In a major embarrassment to the opposition Congress, Maharashtra Governor C V Rao yesterday accorded sanction to the CBI to prosecute former chief minister Ashok Chavan in the Adarsh Society scam.
The Central Bureau of Investigation (CBI), through its letter dated October 8, 2015, sought the governor’s sanction to prosecute Chavan under Section 197 of the Criminal Procedure Code after “fresh incriminating material” was allegedly found against Chavan.
Reacting to the development, Chavan said: “The CBI’s re-application to the governor to prosecute me is illegal. I will react in detail after consulting my legal advisers.”
Chavan is currently a Lok Sabha member from Nanded in Maharashtra and the state Congress president.
Condemning the governor’s sanction for Chavan’s prosecution, senior party leader and MLC Sanjay Dutt termed it “BJP’s vendetta politics to throttle the opposition expose on their misdoings”.
Chavan questioned how could the opinion of a new governor change with a new government (BJP-Shiv Sena alliance) taking power in the state.
He said the earlier governor (K Sankaranarayanan) had taken a conscious stand in December 2013 after consulting the highest legal authorities and said he could not issue the sanction to the CBI for prosecution.
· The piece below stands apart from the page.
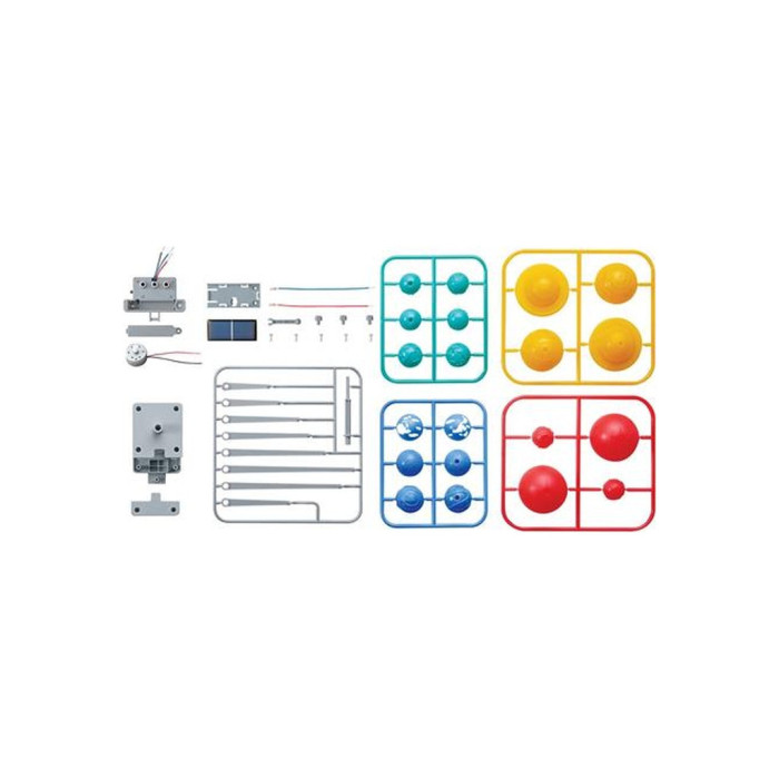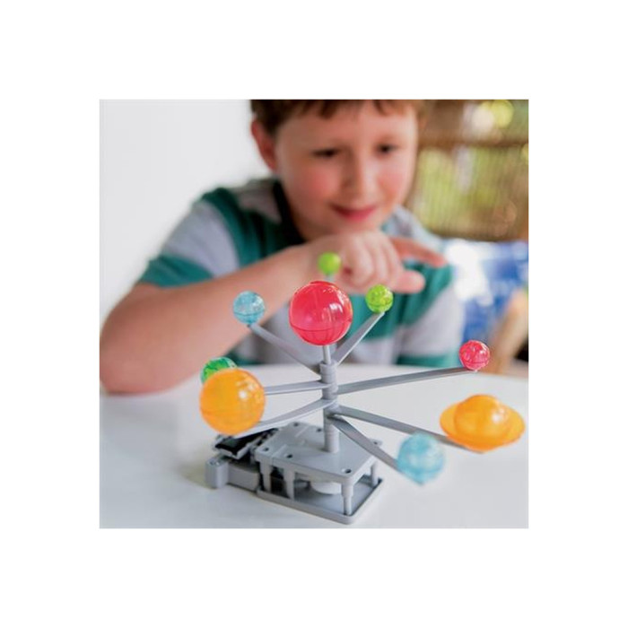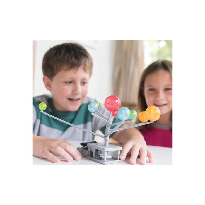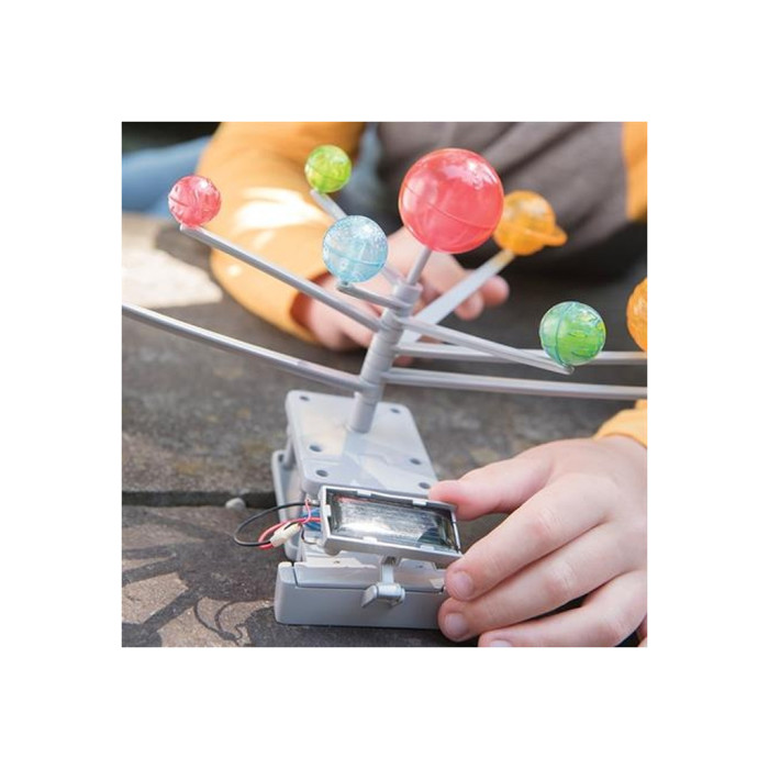 Зберіть модель за інструкцією. Усі необхідні інструменти та деталі, крім батарейки, є в наборі. Встановіть перемикач режиму живлення в положення «сонячна батарея» та розташуйте модель сонячної системи таким чином, щоб на неї потрапляла максимальна кількість світла. Коли батарея зарядиться, ви побачите, як планети почнуть обертатися навколо Сонця. Якщо світла недостатньо, використовуйте живлення від батарейки.

Leader of the opposition in the legislative council, Dhananjay Munde, of the Nationalist Congress Party, regretted the development and said the government was trying to finish off the opposition and was misusing the CBI for political reasons.
The CBI included in its request for prosecution sanction a report by a two-member commission of inquiry, comprising Justice J A Patil (retd) and former chief secretary P Subramanian, besides Bombay High Court observations in a criminal revision application filed in 2014.
Accordingly, Rao granted the sanction to prosecute the Congress leader under Section 197 of CrPC and Sections 120-B and 420 of the Indian Penal Code in the Adarsh Cooperative Housing Society case.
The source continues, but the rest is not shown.